▶ [TASK INSTRUCTIONS]: Go through the listing below and repeat it exactly, dropping the pictures.

Start of MATERIAL PROVIDED

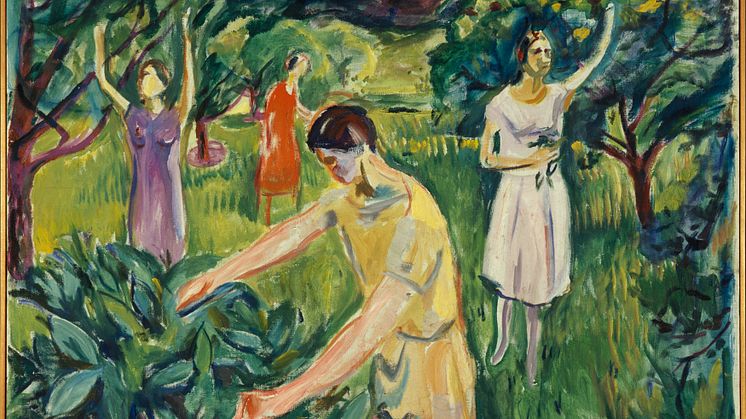 From 1916, Munch lived at Ekely, a villa surrounded by overgrown gardens and farmland, which he painted in many different ways. In this garden, nature is more than just the background – it is bursting with life, greenness and growth. By contrast, the mood among the women seems strange and melancholy. The women’s colourful clothing contrasts with the many green shades of nature.
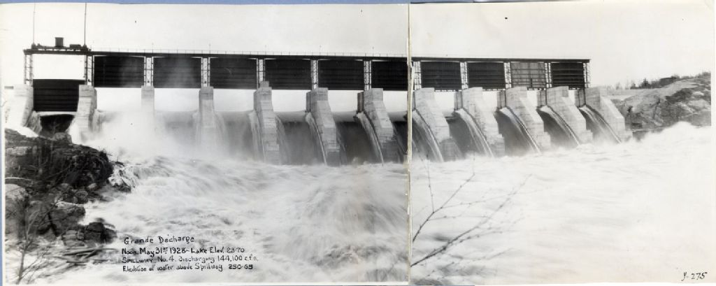 Rivière Saguenay - Inondation 1928 - Grande Décharge, Duke-Price Spillway no. 4, downstream view
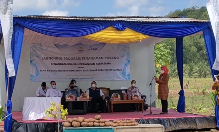 KADIN Pangandaran,Bank bjb dan PT Joglosemar Karangsari Makmur Semarang menggelar Launching Program Penanaman Porang dan Penandatanganan Kerjasama dengan dihadiri Bupati Pangandaran Jeje Wiradinata,Perwakilan CEO Bank bjb Kanwil III Jabar,Manager PT Joglosemar Karangsari Makmur,Ketua Kadin Pangandaran,Ketua MPC Pemuda Pancasila,Ketua DPD KNPI Pangandaran,Petani Porang dan para tamu undangan bertempat di Cikubang Parigi.
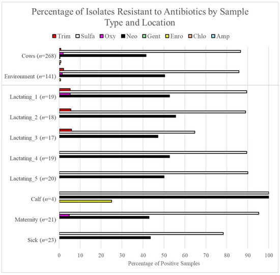 Overall, antimicrobial resistance against sulfa was found to be the highest, with 86.6% of direct fecal grab isolates and 85.8% of environmental isolates exhibiting resistance. When enumerated over time, sulfa resistance was observed with the highest frequencies in September, December, January, and February, with 100% of the isolates showing resistance, whereas the lowest frequencies were found in April (36.4%) and March (52.6%) (Figure 5). For our environmental samples, resistance to sulfa was largely present year-round, with 100% resistance in June, August, September, October, November, December, January, and February, whereas the lowest percent resistance was found for March (21.5%), May (55.6%), April (66.7%), and July (66.7%). Comparisons of sulfa resistance between direct fecal grab and environmental samples revealed no significant differences in prevalence aside from July, where direct fecal grab isolates exhibited significantly more resistance than environmental isolates (cow = 95.8%, environment = 66.7%, p-value = 0.046 via pairwise tests of equal proportions). Within locations in the environment, sulfa resistance was most commonly found in the calf area and the maternity pen at percent resistances of 100% and 92%, respectively. The lowest percent sulfa resistance was found in lactating pen 3 (64.7%) and the sick pen (78.3%).

End of MATERIAL PROVIDED

▶ [RESULT]:
 From 1916, Munch lived at Ekely, a villa surrounded by overgrown gardens and farmland, which he painted in many different ways. In this garden, nature is more than just the background – it is bursting with life, greenness and growth. By contrast, the mood among the women seems strange and melancholy. The women’s colourful clothing contrasts with the many green shades of nature.
 Rivière Saguenay - Inondation 1928 - Grande Décharge, Duke-Price Spillway no. 4, downstream view
 KADIN Pangandaran,Bank bjb dan PT Joglosemar Karangsari Makmur Semarang menggelar Launching Program Penanaman Porang dan Penandatanganan Kerjasama dengan dihadiri Bupati Pangandaran Jeje Wiradinata,Perwakilan CEO Bank bjb Kanwil III Jabar,Manager PT Joglosemar Karangsari Makmur,Ketua Kadin Pangandaran,Ketua MPC Pemuda Pancasila,Ketua DPD KNPI Pangandaran,Petani Porang dan para tamu undangan bertempat di Cikubang Parigi.
 Overall, antimicrobial resistance against sulfa was found to be the highest, with 86.6% of direct fecal grab isolates and 85.8% of environmental isolates exhibiting resistance. When enumerated over time, sulfa resistance was observed with the highest frequencies in September, December, January, and February, with 100% of the isolates showing resistance, whereas the lowest frequencies were found in April (36.4%) and March (52.6%) (Figure 5). For our environmental samples, resistance to sulfa was largely present year-round, with 100% resistance in June, August, September, October, November, December, January, and February, whereas the lowest percent resistance was found for March (21.5%), May (55.6%), April (66.7%), and July (66.7%). Comparisons of sulfa resistance between direct fecal grab and environmental samples revealed no significant differences in prevalence aside from July, where direct fecal grab isolates exhibited significantly more resistance than environmental isolates (cow = 95.8%, environment = 66.7%, p-value = 0.046 via pairwise tests of equal proportions). Within locations in the environment, sulfa resistance was most commonly found in the calf area and the maternity pen at percent resistances of 100% and 92%, respectively. The lowest percent sulfa resistance was found in lactating pen 3 (64.7%) and the sick pen (78.3%).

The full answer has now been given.